In [1]:
import os
import re
import operator
import matplotlib.pyplot as plt
import warnings
import gensim
import numpy as np
warnings.filterwarnings('ignore')  # Let's not pay heed to them right now

from gensim.models import CoherenceModel, LdaModel, LsiModel, HdpModel
from gensim.corpora import Dictionary
from pprint import pprint

from sklearn.feature_extraction.text import CountVectorizer, TfidfVectorizer
from sklearn.decomposition import LatentDirichletAllocation

%matplotlib inline


Using TensorFlow backend.

In [2]:
from gensim.utils import lemmatize
from nltk.corpus import stopwords

In [8]:
import pandas as pd
import sqlalchemy
from sqlalchemy.dialects import postgresql as psql
from sqlalchemy import Column, Integer, String, DATE
from sqlalchemy.ext.declarative import declarative_base

Base = declarative_base()

class Document(Base):                  
    __tablename__ = 'document'         

    id = Column(Integer, primary_key=True)

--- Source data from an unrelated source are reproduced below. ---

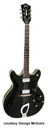 STARFIRE V | - similar to Starfire IV, except has pearl block fingerboard inlay, Guild Bigsby vibrato, master volume control, available in Cherry Red, Ebony, Emerald Green, or Honey Amber finishes, mfg. 1963-1972. |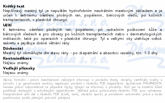 Nepřilnavý mastný tyl je napuštěn hydrofobním neutrálním masťovým základem a je určen k šetrnému ošetření plošných ran, popálenin, bércových vředů, po kožních transplantacích, v plastické chirurgii.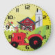 Grande Horloge Ronde Scène de ferme avec coq chantant sur tracteur
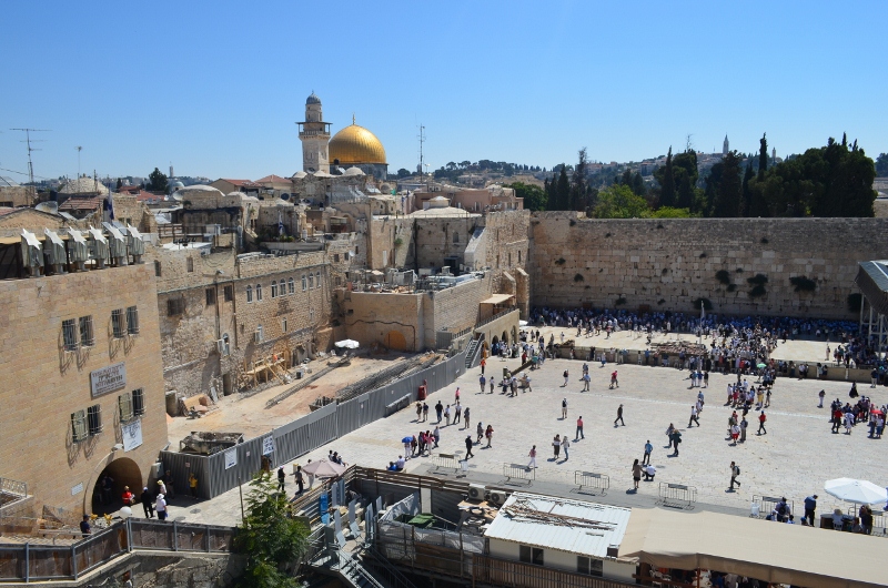 The next stop was to the Western or Wailing Wall, the only remaining piece of Jerusalem’s Second Temple. This is the most holy Jewish site in the world, where people come to place their written prayers within the cracks between its massive stones. Men and women were segregated once again. (We have since heard that there was an incident there the day after our visit where someone was shot and killed but no other details.)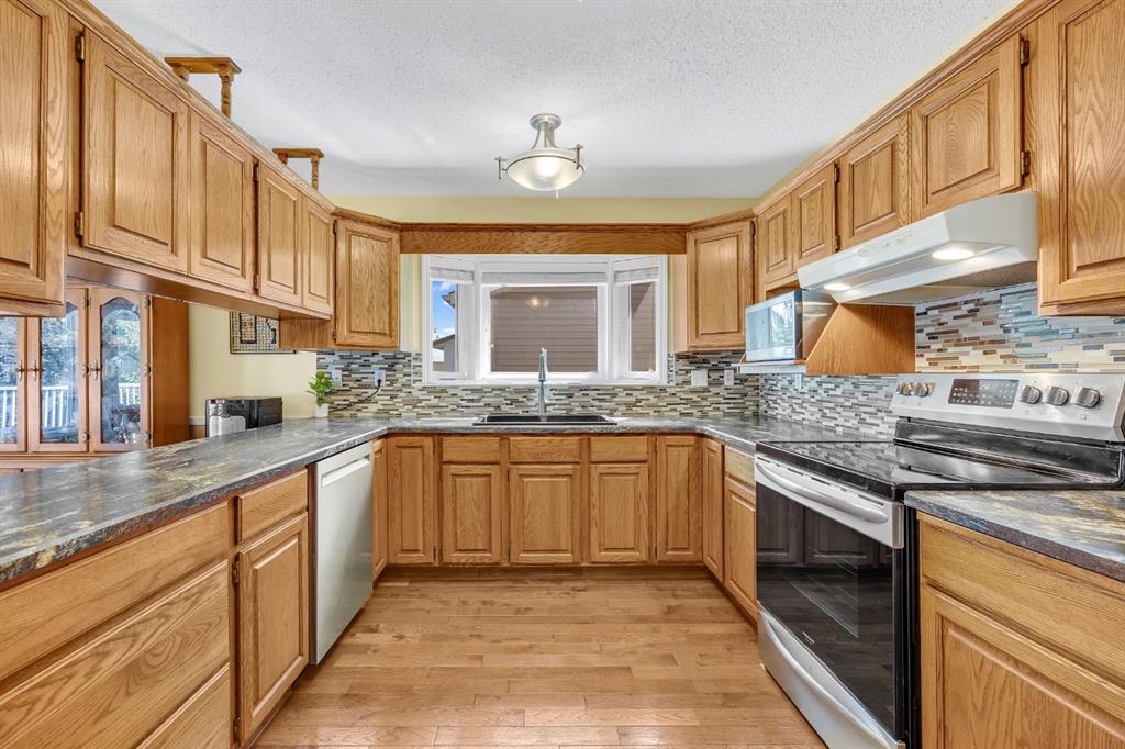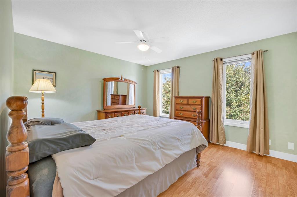 Pride of ownership resonates throughout this ORIGINAL OWNER occupied home in the COVETED community of RIDGEGATE. BACKING onto NOSE CREEK PARK, this absolutely stunning 4 level split will immediately capture your attention with its breathtaking front curb appeal. An immaculately manicured front lawn with shrubs & foliage. Canexel composite siding is bold, beautiful & ready for Alberta's changing weather conditions. The accent brick offers a sophisticated focal point to the home while the RUBBER drive pad is not only beautiful but offers a child friendly buffer for those day to day spills. This home offers over 2600 sq ft of tl developed living space with a total of 4 bedrooms above grade. Sunshine floods through the large front bay & rear windows. A substantial sized living room with beautiful hardwood floors ushering you to a LARGE bright kitchen. Ample counter space, cabinets & pantry. Updated appliances, countertops, sink, garburator & fixtures. The kitchen is open to a spacious dining area. The rear door off the dining room leads to your large low maintenance deck & fully fenced back yard. Stunning mature trees, shrubs & flowers offer a balance of beauty & privacy in this meticulously maintained OASIS. Exceptional outside storage under the deck, corner shed & garden enclosure. Back inside the house you will note a large master with 3 pc ensuite & SKYLIGHT. An exceptional sized 2nd bed, comfortable sized 3rd bed & updated 4 pc main bath with jetted tub & SKYLIGHT. The 3rd level WALK OUT is ideal for someone with a DAYHOME/HOME BASED BUSINESS & is host to the 4th bed, a large family room with stone faced gas FP, 2 pc bath & washer & dryer. The basement offers a generous sized family room, Study/Den/Wine Cellar, 3 pc bath, & Storage room. The 2 lower level rooms could be converted to beds to suit the needs of a large family while the 3rd LEVEL WALKOUT could make this home a candidate to SUITE subject to city approval & permitting. Additional storage adjacent the utility room. The single oversized attached garage is fully insulated, drywalled & includes a plug in heater. Additional features of this home include all newer windows & doors on the top 3 levels. Triple pain windows on the main rear of the home & built in blinds on the back door. Roof , Canexel siding & furnace app 2014. Hot water tank app 2020. Upgraded attic insulation. Garburator app 2020.. Water softener. Vacu Flo & attachments. Phantom screen at front door. A/C app 2022. Underground sprinklers in the backyard. This GEM is surrounded by the tranquil beauty of NOSE CREEK PARK which is host to various community events including the Christmas Light Celebration. Nose Creek Park is home to Airdrie's largest playground, fishing ponds, pickle ball courts & various trails. Walking distance to the new public library, grocery store, gym & other amenities. Nearby schools & quick access to the highway.

    title = Column(psql.TEXT)          
    date = Column(DATE)                
    doctype = Column(psql.TEXT)        
    docnum = Column(psql.TEXT)         
    subject = Column(psql.TEXT)        
    body = Column(psql.TEXT)           
    sign = Column(psql.TEXT)           
    signtitle = Column(psql.TEXT)      
    images = Column(psql.JSONB)        
    raw_json = Column(psql.JSONB)      

    def __repr__(self):                
        return self.title              

from sqlalchemy import create_engine
from sqlalchemy.orm import sessionmaker

engine = create_engine('postgresql://dev:dev@localhost/dev')
Base.metadata.create_all(engine)
Session = sessionmaker(bind=engine)
session = Session()

query = 'SELECT body FROM Document'

df = pd.read_sql_query(query, engine)

df.body = df.body.str.replace('\n', ' ').str.replace('\t', ' ')

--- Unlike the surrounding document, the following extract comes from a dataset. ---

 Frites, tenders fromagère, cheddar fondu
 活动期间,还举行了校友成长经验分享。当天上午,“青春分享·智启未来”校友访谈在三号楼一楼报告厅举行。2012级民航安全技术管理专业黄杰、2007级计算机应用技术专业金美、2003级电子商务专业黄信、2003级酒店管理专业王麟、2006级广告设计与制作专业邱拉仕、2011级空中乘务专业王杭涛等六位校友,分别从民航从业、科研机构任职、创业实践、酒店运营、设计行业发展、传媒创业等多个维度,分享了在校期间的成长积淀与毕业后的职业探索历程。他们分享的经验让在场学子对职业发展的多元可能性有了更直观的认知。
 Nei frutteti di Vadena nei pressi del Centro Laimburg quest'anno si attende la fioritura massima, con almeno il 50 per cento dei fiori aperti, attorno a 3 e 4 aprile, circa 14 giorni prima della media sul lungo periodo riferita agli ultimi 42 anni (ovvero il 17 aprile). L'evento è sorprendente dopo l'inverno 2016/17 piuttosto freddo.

df.to_csv('consolidated.csv', index=False, encoding='utf-8')

LDA Training


In [9]:
def build_texts(fname):
    """
    Function to build tokenized texts from file
    
    Parameters:
    ----------
    fname: File to be read
    
    Returns:
    -------
    yields preprocessed line
    """
    with open(fname) as f:
        for line in f:
            yield gensim.utils.simple_preprocess(line, deacc=True, min_len=3)

In [10]:
stops = set(stopwords.words('english'))  # nltk stopwords list

In [11]:
def process_texts(texts):
    """
    Function to process texts. Following are the steps we take:
    
    1. Stopword Removal.
    # 2. Collocation detection.
    3. Lemmatization (not stem since stemming can reduce the interpretability).
    
    Parameters:
    ----------
    texts: Tokenized texts.
    
    Returns:
    -------
    texts: Pre-processed tokenized texts.
    """
    texts = [[word for word in line if word not in stops] for line in texts]
    # texts = [bigram[line] for line in texts]
    texts = [[word.split('/')[0] for word in lemmatize(' '.join(line), 
                    allowed_tags=re.compile('(NN)'), min_length=3)] for line in texts]
    return texts

In [13]:
train_texts = list(build_texts('consolidated.csv'))

In [14]:
train_texts = process_texts(train_texts)

In [15]:
len(train_texts)


Out[15]:
2037

In [16]:
train_texts_sklearn = [" ".join(ls) for ls in train_texts]

Sklearn


In [17]:
tf_vectorizer = CountVectorizer(strip_accents = 'unicode',
                                stop_words = stops,
                                lowercase = True,
                                max_df = 0.5, 
                                min_df = 0.05,
                                ngram_range = (1, 4))
dtm_tf = tf_vectorizer.fit_transform(train_texts_sklearn)
print(dtm_tf.shape)


(2037, 732)

In [18]:
vocabulary_gensim = {}
vocab = Dictionary()
for key, val in tf_vectorizer.vocabulary_.items():
    vocabulary_gensim[val] = key
_ = vocab.merge_with(vocabulary_gensim)   
corpus_vect_gensim = gensim.matutils.Sparse2Corpus(dtm_tf, documents_columns=False)

In [12]:
def evaluate_graph(dictionary, corpus, texts, limit):
    """
    Function to display num_topics - LDA graph using c_v coherence
    
    Parameters:
    ----------
    dictionary : Gensim dictionary
    corpus : Gensim corpus
    limit : topic limit
    
    Returns:
    -------
    lm_list : List of LDA topic models
    c_v : Coherence values corresponding to the LDA model with respective number of topics
    """
    c_v = []
    lm_list = []
    for num_topics in range(1, limit):
        lm = LdaModel(corpus=corpus, num_topics=num_topics, id2word=dictionary)
        lm_list.append(lm)
        cm = CoherenceModel(model=lm, texts=texts, dictionary=dictionary, coherence='c_v')
        c_v.append(cm.get_coherence())
        
    # Show graph
    x = range(1, limit)
    plt.plot(x, c_v)
    plt.xlabel("num_topics")
    plt.ylabel("Coherence score")
    plt.legend(("c_v"), loc='best')
    plt.show()
    
    return lm_list, c_v

In [13]:
lmlist, c_v = evaluate_graph(dictionary=vocab, corpus=corpus_vect_gensim, texts=train_texts, limit=10)



In [44]:
ldamodel = LdaModel(corpus=corpus_vect_gensim, num_topics=50, id2word=vocab)

In [20]:
import pyLDAvis.gensim
pyLDAvis.enable_notebook()

In [45]:
pyLDAvis.gensim.prepare(ldamodel, corpus_vect_gensim, vocab)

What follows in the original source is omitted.